14 St. E { 04.13.15 at 12:37 am }

Shaming moms is not a good idea. While I would dabble in an argument on what is sharing versus over-sharing with regards to kids (e.g. a kid trying his sister’s hairband is fine, but posting a pic of your kid eating poop is not), I am not going to throw snark at everything about social media and kids.

My valid fear would be what if someone uses these pics in a wrong way. My valid fear would be how would my child look at this thing 20 years on. I don’t want to embarrass my child.

Social media was meant for sharing, what other purpose is there?

15 Queenie { 04.13.15 at 1:18 am }

I do think people need to think more before they post. I’m really uncomfortable with some of the things people I know post. It feels….like they are taking advantage of their children, somehow. Too much exposure, for people who have no choice.

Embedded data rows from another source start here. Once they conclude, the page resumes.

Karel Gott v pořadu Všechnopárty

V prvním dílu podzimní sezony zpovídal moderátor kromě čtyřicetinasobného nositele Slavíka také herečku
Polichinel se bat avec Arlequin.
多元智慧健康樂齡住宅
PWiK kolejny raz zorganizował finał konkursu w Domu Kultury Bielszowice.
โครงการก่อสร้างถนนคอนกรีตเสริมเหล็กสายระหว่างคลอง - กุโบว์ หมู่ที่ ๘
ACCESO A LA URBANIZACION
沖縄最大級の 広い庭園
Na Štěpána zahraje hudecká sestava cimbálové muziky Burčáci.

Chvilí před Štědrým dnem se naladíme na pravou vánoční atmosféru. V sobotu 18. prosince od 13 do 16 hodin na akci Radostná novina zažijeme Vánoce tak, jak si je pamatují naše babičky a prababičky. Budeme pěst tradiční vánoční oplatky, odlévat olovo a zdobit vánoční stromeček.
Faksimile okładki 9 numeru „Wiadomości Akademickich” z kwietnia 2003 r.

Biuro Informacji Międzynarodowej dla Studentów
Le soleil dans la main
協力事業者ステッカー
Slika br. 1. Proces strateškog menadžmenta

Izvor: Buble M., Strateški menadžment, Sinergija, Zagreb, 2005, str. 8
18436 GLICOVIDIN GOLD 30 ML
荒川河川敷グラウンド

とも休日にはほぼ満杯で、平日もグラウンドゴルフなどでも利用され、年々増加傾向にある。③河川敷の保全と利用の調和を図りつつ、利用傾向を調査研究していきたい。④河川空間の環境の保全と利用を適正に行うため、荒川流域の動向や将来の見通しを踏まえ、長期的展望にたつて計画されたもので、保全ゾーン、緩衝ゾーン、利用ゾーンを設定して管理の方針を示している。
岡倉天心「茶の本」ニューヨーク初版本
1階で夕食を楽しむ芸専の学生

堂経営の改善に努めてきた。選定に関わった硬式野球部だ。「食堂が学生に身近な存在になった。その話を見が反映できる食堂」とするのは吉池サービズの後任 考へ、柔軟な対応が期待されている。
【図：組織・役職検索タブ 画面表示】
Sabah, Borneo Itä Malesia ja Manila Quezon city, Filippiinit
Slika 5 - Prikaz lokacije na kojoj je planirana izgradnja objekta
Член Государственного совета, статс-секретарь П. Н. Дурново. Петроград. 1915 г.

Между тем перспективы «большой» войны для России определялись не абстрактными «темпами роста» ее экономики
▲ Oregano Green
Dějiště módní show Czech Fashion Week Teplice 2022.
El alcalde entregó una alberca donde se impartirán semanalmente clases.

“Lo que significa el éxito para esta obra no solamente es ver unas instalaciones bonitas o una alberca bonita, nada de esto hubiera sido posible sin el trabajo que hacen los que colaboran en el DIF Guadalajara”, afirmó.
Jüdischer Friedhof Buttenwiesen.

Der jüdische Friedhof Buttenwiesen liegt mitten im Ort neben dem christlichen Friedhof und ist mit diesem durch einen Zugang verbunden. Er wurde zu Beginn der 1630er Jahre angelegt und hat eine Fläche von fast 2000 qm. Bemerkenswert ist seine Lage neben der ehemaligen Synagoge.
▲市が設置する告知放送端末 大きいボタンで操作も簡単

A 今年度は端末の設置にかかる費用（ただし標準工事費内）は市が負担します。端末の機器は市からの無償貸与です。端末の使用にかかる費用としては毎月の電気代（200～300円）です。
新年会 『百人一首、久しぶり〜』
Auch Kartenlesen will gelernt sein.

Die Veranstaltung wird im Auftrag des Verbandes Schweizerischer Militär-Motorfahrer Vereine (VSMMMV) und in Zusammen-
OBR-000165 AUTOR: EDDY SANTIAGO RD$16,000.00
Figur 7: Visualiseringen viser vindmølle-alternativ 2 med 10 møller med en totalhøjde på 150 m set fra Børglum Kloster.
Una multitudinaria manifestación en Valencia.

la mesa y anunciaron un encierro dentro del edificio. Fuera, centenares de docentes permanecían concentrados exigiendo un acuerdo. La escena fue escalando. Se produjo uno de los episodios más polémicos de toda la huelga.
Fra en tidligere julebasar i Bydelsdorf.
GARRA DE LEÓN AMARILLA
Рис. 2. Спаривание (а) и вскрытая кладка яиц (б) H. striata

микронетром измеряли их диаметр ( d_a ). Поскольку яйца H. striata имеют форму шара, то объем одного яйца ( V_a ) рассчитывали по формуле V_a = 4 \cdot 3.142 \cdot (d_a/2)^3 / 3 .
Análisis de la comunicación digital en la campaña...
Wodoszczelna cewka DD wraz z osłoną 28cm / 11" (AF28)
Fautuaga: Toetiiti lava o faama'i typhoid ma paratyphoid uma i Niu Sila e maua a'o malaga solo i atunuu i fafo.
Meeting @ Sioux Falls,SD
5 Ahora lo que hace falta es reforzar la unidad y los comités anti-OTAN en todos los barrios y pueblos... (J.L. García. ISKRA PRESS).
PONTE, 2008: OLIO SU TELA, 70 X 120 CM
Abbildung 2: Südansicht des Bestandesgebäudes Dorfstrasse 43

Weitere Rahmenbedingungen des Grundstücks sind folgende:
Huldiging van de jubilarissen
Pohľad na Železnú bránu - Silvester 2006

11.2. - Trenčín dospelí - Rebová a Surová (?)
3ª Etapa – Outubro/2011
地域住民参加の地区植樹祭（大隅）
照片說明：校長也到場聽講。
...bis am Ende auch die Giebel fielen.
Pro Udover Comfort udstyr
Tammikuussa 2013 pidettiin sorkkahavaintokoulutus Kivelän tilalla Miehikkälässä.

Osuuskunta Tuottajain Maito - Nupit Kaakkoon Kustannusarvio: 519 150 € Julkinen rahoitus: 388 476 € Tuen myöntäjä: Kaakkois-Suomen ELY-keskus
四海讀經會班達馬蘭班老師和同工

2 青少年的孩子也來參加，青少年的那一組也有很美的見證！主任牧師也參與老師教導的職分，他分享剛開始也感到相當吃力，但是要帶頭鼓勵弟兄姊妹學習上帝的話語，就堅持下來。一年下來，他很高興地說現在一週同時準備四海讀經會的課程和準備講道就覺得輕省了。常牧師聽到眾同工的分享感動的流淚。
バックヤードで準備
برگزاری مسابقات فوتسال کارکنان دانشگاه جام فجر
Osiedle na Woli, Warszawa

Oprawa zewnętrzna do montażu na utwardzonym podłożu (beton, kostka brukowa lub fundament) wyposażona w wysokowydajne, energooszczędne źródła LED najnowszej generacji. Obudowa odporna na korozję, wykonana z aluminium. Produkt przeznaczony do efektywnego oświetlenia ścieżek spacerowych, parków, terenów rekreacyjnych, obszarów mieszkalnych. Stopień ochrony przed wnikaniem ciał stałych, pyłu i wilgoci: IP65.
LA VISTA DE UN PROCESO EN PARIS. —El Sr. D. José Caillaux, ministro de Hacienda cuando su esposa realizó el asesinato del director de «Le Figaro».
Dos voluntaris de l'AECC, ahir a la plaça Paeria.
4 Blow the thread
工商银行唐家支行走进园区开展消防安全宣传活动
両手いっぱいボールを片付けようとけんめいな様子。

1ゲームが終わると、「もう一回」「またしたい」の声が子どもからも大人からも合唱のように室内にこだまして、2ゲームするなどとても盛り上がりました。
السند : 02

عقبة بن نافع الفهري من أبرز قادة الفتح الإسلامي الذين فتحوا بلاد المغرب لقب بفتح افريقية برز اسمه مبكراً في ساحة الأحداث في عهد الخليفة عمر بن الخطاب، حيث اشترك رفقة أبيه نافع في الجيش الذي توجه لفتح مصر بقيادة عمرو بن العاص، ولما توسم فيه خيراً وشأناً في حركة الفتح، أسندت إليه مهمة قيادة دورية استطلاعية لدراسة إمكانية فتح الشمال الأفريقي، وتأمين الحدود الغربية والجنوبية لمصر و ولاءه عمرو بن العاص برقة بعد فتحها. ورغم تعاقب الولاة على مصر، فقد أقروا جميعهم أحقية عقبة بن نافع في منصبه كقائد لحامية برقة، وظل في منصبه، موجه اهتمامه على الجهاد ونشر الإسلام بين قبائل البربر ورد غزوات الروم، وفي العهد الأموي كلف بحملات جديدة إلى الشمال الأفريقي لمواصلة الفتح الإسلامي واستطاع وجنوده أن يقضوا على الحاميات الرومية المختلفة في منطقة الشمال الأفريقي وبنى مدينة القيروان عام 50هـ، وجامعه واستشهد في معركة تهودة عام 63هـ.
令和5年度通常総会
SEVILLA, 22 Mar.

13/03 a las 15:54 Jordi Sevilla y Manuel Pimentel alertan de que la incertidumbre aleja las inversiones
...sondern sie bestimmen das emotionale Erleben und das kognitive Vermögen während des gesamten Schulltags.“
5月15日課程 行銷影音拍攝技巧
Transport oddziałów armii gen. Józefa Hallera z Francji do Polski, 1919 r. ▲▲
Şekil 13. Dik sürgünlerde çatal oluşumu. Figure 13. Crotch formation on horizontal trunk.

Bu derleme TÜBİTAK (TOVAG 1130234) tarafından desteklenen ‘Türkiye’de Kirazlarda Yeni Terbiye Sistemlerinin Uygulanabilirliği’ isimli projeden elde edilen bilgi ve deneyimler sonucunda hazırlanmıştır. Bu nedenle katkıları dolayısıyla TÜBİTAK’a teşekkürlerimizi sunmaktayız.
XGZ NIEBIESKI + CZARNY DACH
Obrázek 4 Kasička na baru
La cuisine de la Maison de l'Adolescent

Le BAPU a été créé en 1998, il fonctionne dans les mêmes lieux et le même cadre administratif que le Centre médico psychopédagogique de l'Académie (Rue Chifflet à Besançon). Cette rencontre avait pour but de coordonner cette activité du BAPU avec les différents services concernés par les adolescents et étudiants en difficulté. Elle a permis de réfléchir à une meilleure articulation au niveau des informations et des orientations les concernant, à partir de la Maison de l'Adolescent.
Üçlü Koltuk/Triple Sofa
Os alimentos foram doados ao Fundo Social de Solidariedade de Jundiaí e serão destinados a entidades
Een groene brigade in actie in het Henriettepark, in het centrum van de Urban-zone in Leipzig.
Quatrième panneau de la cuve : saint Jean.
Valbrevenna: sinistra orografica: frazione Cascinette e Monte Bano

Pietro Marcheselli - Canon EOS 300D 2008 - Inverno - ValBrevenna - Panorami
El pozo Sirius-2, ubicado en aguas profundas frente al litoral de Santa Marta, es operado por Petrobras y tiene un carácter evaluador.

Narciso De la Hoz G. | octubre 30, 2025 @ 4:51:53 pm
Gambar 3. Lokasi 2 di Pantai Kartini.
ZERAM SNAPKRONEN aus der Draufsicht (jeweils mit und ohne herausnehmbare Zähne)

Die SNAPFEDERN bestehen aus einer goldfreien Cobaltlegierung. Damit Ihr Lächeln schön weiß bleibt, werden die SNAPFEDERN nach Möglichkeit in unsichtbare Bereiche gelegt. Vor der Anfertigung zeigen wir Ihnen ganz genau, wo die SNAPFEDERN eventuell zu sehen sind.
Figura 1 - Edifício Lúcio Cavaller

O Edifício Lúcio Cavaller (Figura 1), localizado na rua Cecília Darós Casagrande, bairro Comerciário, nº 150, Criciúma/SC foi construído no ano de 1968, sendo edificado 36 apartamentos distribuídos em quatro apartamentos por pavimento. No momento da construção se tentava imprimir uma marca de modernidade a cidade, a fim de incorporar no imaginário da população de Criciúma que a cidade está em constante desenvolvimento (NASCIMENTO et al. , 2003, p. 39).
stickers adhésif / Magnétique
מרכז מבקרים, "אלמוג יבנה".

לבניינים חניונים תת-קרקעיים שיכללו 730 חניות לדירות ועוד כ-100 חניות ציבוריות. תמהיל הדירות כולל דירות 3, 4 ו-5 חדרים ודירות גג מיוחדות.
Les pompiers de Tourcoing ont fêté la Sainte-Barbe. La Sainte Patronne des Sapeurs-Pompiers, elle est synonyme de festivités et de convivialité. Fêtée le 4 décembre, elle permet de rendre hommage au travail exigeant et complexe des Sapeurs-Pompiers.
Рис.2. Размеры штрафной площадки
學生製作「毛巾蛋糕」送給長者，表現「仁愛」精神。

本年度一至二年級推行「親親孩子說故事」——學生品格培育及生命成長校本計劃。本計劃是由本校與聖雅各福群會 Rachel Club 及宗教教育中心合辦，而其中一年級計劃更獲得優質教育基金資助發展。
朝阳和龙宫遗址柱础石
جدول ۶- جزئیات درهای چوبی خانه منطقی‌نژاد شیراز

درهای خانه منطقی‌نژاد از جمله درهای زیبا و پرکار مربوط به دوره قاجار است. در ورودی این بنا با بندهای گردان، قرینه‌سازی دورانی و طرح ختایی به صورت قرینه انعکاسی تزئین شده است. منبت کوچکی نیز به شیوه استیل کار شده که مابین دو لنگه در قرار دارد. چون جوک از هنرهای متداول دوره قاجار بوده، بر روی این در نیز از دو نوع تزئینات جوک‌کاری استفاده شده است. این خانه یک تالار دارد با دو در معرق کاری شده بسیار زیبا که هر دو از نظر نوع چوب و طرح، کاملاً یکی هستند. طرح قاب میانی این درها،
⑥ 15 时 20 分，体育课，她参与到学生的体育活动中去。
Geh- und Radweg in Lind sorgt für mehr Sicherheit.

16 Stephanie (Travelcraft Journal) { 04.13.15 at 1:51 am }

Really good points!

17 Andy { 04.13.15 at 6:17 am }

My personal “rule” for sharing on the internet has always been – “would I be okay with the Mothers* in my life reading this”? If the answer was yes, then I would post. If there was even a tiny bit of doubt, I wouldn’t

*Mothers = my mother, my birth mother, my mother in law, my grandmother, Liam’s birth mother

18 KeAnne { 04.13.15 at 7:04 pm }

I thought Stacy made a good point about cybersecurity threats being a bigger, more serious risk than what a mom would share online. We are doing a lot w/ cybersecurity risks at work and it is shocking how simple breaches can be. The cynical part of me wonders if the focus on parents posting stuff online is a nice obfuscation of the real risks of cybersecurity. Probably overthinking…

19 BattyNurse { 04.14.15 at 8:04 am }

Very true. Trying to be more aware. Basically this means everyone sees lots of pictures of my cats.

20 SRB { 04.14.15 at 11:47 am }

REALLY interesting points about the gender-based criticisms.

The only social media I use is Instagram, but am aware that I do not own those photos and that no matter how private my settings are, they are not private. And then there is my blog… At any rate, my kids lives are part of *my* life, and therefore my story to tell from my point of view. Which is not to say that I do not consider them, their privacy, or their feelings. As far as photos go, I use the rule of thumb “Would I want a similar photo of me posted without my knowledge or consent?” So, no nudity, sitting on the toilet, having a tantrum, in the bathtub, covered in vomit etc.

And I won’t pretend that I don’t judge. Some things are in poor taste. Plenty of raised eyebrows over the years, but I keep it to myself.